Redshift PostgreSQL Distinct ON Operator

I have a data set that I want to parse for to see multi-touch attribution. The data set is made up by leads who responded to a marketing campaign and their marketing source.
Each lead can respond to multiple campaigns and I want to get their first marketing source and their last marketing source in the same table.
I was thinking I could create two tables and use a select statement from both.
The first table would attempt to create a table with the most recent marketing source from every person (using email as their unique ID).
create table temp.multitouch1 as (
select distinct on (email) email, date, market_source as last_source
from sf.campaignmember
where date >= '1/1/2016' ORDER BY DATE DESC);
Then I would create a table with deduped emails but this time for the first source.
create table temp.multitouch2 as (
select distinct on (email) email, date, market_source as first_source
from sf.campaignmember
where date >= '1/1/2016' ORDER BY DATE ASC);
Finally I wanted to simply select the email and join the first and last market sources to it each in their own column.
select a.email, a.last_source, b.first_source, a.date
from temp.multitouch1 a
left join temp.multitouch b on b.email = a.email
Since distinct on doesn't work on redshift's postgresql version I was hoping someone had an idea to solve this issue in another way.

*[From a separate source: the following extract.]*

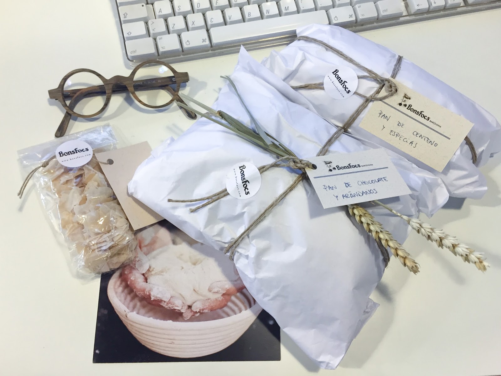 Hace unas semanas recibí uno de los regalos mas bonitos que he recibido en mucho tiempo. Una caja que olía pan recién hecho y que contenía pan recién hecho. Dos maravillosas hogazas envueltas con cariño, un paquetito sorpresa y una nota llena de cariño. Mónica, el alma de Bonsfocs, me enviaba un pedacito de su obrador, de su alma y de su respeto por las tradiciones.

EDIT 2/22: For more context I'm dealing with people and campaigns they've responded to. Each record is a "campaign response" and every person can have more than one campaign response with multiple sources. I'm trying make a select statement which would dedupe by person and then have columns for the first campaign/marketing source they've responded to and the last campaign/marketing source they've responded to respectively.
EDIT 2/24: Ideal output is a table with 4 columns: email, last_source, first_source, date.

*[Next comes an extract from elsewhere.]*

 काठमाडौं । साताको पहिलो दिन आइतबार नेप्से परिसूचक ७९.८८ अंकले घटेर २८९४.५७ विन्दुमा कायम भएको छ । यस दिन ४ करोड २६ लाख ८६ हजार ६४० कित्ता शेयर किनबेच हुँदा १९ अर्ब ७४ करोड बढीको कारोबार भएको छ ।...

The first and last source columns would be the same for people with only 1 campaign member record and different for everyone who has more than 1 campaign member record.
I believe you could use row_number() inside case expressions like this:
SELECT
email
, MIN(first_source) AS first_source
, MIN(date) first_date
, MAX(last_source) AS last_source
, MAX(date) AS last_date
FROM (
SELECT
email
, date
, CASE
WHEN ROW_NUMBER() OVER (PARTITION BY email ORDER BY date ASC) = 1 THEN market_source
ELSE NULL
END AS first_source
, CASE
WHEN ROW_NUMBER() OVER (PARTITION BY email ORDER BY date DESC) = 1 THEN market_source
ELSE NULL
END AS last_source
FROM sf.campaignmember
WHERE date >= '2016-01-01'
) s
WHERE first_source IS NOT NULL
OR last_source IS NOT NULL
GROUP BY
email
tested here: SQL Fiddle
PostgreSQL 9.3 Schema Setup:
CREATE TABLE campaignmember
(email varchar(3), date timestamp, market_source varchar(1))
;
INSERT INTO campaignmember
(email, date, market_source)
VALUES
('a#a', '2016-01-02 00:00:00', 'x'),
('a#a', '2016-01-03 00:00:00', 'y'),
('a#a', '2016-01-04 00:00:00', 'z'),
('b#b', '2016-01-02 00:00:00', 'x')
;
Query 1:
SELECT
email
, MIN(first_source) AS first_source
, MIN(date) first_date
, MAX(last_source) AS last_source
, MAX(date) AS last_date
FROM (
SELECT
email
, date
, CASE
WHEN ROW_NUMBER() OVER (PARTITION BY email ORDER BY date ASC) = 1 THEN market_source
ELSE NULL
END AS first_source
, CASE
WHEN ROW_NUMBER() OVER (PARTITION BY email ORDER BY date DESC) = 1 THEN market_source
ELSE NULL
END AS last_source
FROM campaignmember
WHERE date >= '2016-01-01'
) s
WHERE first_source IS NOT NULL
OR last_source IS NOT NULL
GROUP BY
email
Results:
| email | first_source | first_date | last_source | last_date |
|-------|--------------|---------------------------|-------------|---------------------------|
| a#a | x | January, 02 2016 00:00:00 | z | January, 04 2016 00:00:00 |
| b#b | x | January, 02 2016 00:00:00 | x | January, 02 2016 00:00:00 |
& a small extension to the request, count the number of contact points.
SELECT
email
, MIN(first_source) AS first_source
, MIN(date) first_date
, MAX(last_source) AS last_source
, MAX(date) AS last_date
, MAX(numof) AS Numberof_Contacts
FROM (
SELECT
email
, date
, CASE
WHEN ROW_NUMBER() OVER (PARTITION BY email ORDER BY date ASC) = 1 THEN market_source
ELSE NULL
END AS first_source
, CASE
WHEN ROW_NUMBER() OVER (PARTITION BY email ORDER BY date DESC) = 1 THEN market_source
ELSE NULL
END AS last_source
, COUNT(*) OVER (PARTITION BY email) as numof
FROM campaignmember
WHERE date >= '2016-01-01'
) s
WHERE first_source IS NOT NULL
OR last_source IS NOT NULL
GROUP BY
email
You can use the good old left join groupwise maximum.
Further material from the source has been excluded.